What is a fake (phishing) email?
A fake email is an email that usually looks like it’s from a legitimate company but needless to say it isn’t. The email is made to look completely official and is usually designed in an encouraging way to get you to update your personal, account or payment details.
Why do these fake emails exist?
Someone somewhere once realised that if they send out a lot of emails to millions of email addresses then there will inevitably be a fair few people that read the email. The email will look like it’s from a legitimate organisation and will request the person to update information for one reason or another. A prime example is that there are emails that initially look like they are from PayPal. The emails have the PayPal logo in them and even their contact details.
How to detect a fake email
Detecting a fake email can be difficult – that is if you don’t know what to look for. I’m sure most of us, if not all of us, have received a fake email at some point. But how do you know? What are the tell tale signs of a fake email? And why do they exist?
Fake emails are more than an annoyance. They are either designed to infect your device (laptop/tablet etc) or worse, to extract information from you.
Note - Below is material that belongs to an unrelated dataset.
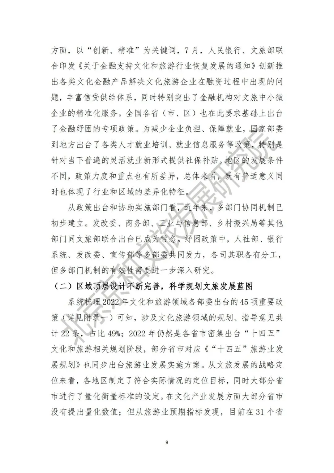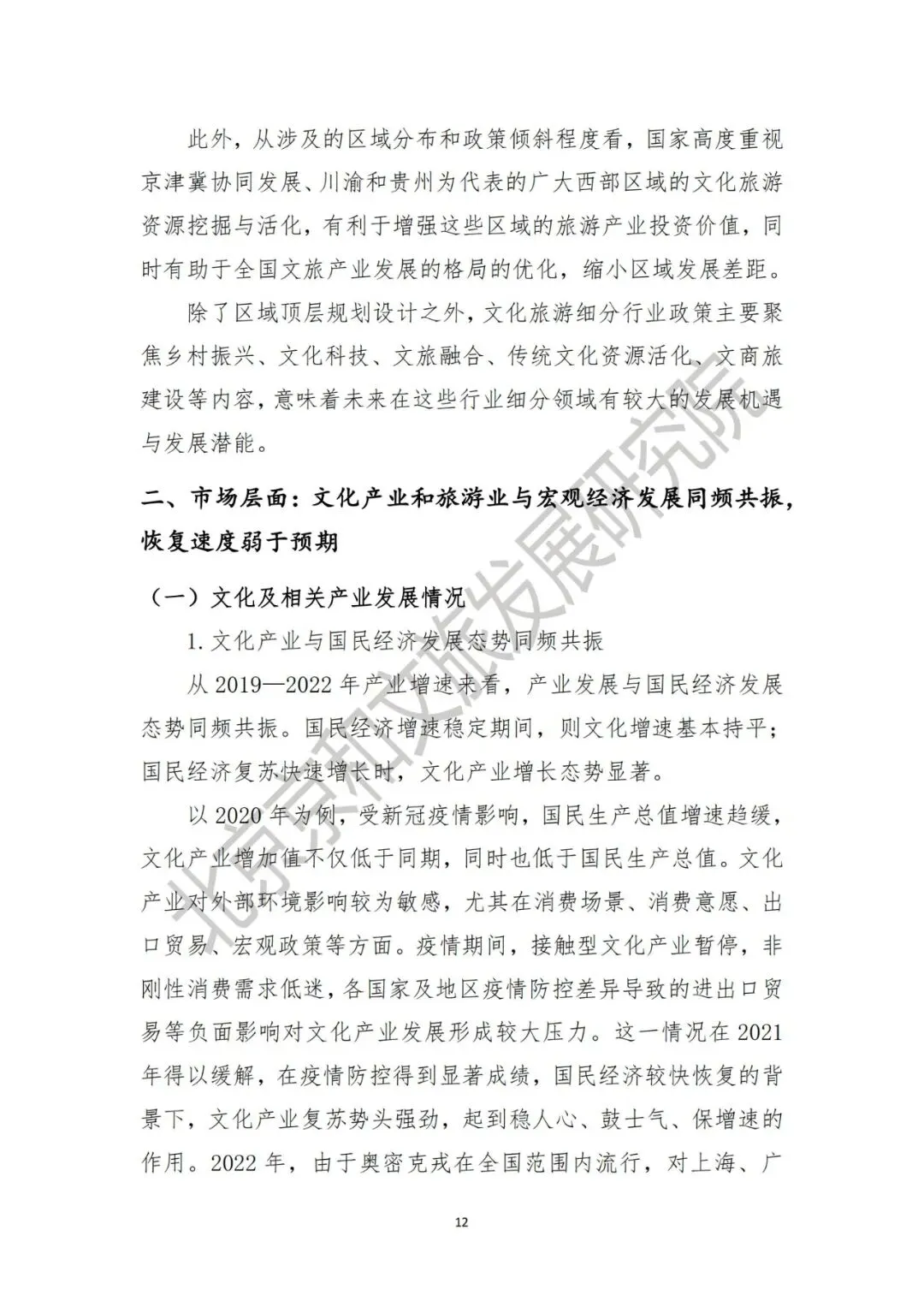 第一,文旅纾困组合拳政策推动行业复苏回暖。在疫情持续影响之下,以《关于促进服务业领域困难行业恢复发展的若干政策》《关于扩大阶段性缓缴社会保险费政策实施范围等问题的通知》《关于金融支持文化和旅游行业恢复发展的通知》为代表的文旅行业纾困组合拳政策落地,从税收、金融、就业等多个层面发力,提振文旅市场复苏回信心。从政策出台和协助实施部门看,近年来,文化和旅游部与人社部、发改委、商务部、工业与信息部、乡村振兴局等其他部门联合出台文旅领域相关政策成为常态,但多部门牵头下的政策落地有效性还需进一步深入研究。第二,区域顶层设计不断完善,科学规划文旅发展蓝图。2022年,文化和旅游领域各部委出台的45项重要政策中(详见附录一),规划、指导意见类文本共计22条,占比达49%。2022年仍然是各省市“十四五”文化和旅游相关规划及实施方案密集出台的年份。从文旅发展的战略定位来看,各地区制定了符合实际情况的定位目标,同时大部分省市进行了量化衡量标准的设定。从区域看,国家高度重视京津冀协调发展区、以川渝和贵州为代表的西部区域的文化产业发展。此外,文化旅游细分行业政策主要聚焦乡村振兴、文化科技、文旅融合、传统文化资源活化、文商旅建设等领域,未来这些行业细分领域或有较大的发展潜能。二、市场层面:文化产业和旅游业与宏观经济发展同频共振,恢复速度弱于预期

All too many times I have come across people who have clicked on a link in an email to ‘update’ their account or payment details.
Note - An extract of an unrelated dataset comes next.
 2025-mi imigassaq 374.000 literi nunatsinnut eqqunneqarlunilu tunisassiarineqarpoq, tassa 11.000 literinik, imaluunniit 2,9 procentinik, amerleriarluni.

I have comprised a list below of the top tips to detecting a fake email.
- The email is not addressed to you
- The email is from a company you have never heard from
- The email contains an attachment
- There are links in the email
- The email requests you to confirm your account details
- The ‘from’ address on the email is incorrect
- The email contains poor spelling & grammar
- It just doesn’t look right!
The email is not addressed to you
Very often the fake emails don’t address you personally, instead they might say something like ‘Dear Customer’ or ‘Dear Sir’.
The email is from a company you have never heard from
If you have never heard of the company who have sent you the email, or you are not expecting the email, then it’s best to ignore it, especially if the email has an attachment on it or it requests you to click on the link to update your details.
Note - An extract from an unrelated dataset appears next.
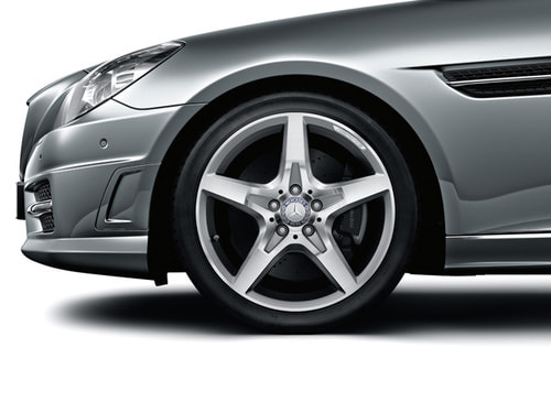 Колесный диск AMG с 5 спицами. Параметры диска: 7,5 J x 18 ET 42 (18 дюймов). Цвет: Серебристый. Рекомендуемая резина: 225/40 R18. Мост: Передний-Задний мост.

The email contains an attachment
Very often, an email can contain an attachment that is designed to cause your computer a fair bit of hassle! Unless you know exactly what the attachment is and you are expecting it, I would not click on the attachment.
There are links in the email
Don’t click on email links!! If a company wants you to review your account, update details etc then if you know who are the company then it is always best to go their website directly to see what you need to do. I can not stress how important it is to not click on links to update your details. Legitimate companies will never ask you to do this.
The email requests you to confirm your account details
Getting you to update your account details is a way for people to get your details – by getting you to give it to them! don’t fall for it. Instead, always go to the real website yourself or contact the company directly, don’t click on links in emails to update your emails.
The ‘from’ address on the email is incorrect
Be sure to inspect the ‘from’ address on the email. Fake emails will often come from people who are pretending to be a legitimate company. As such, the email addresses may look real at first glance but upon closer inspection, the email may be from a fake email address eg instead of being from info@kixwix.co.nz (which is our official address), the email could be info@kixwixuk.co.nz or info@123kixwix.co.nz. You get the idea. Again, to be sure, if the company is requesting you to do something then contact them directly.
The email contains poor spelling & grammar
This one says it on the tin really! If the email is from a legitimate company then they will take good care to to ensure that spelling and grammar is as it should be.
It just doesn’t look right!
Finally, if an email just doesn’t look right then it probably isn’t. Again, if the email is requesting you do something then visit the website or contact the company directly.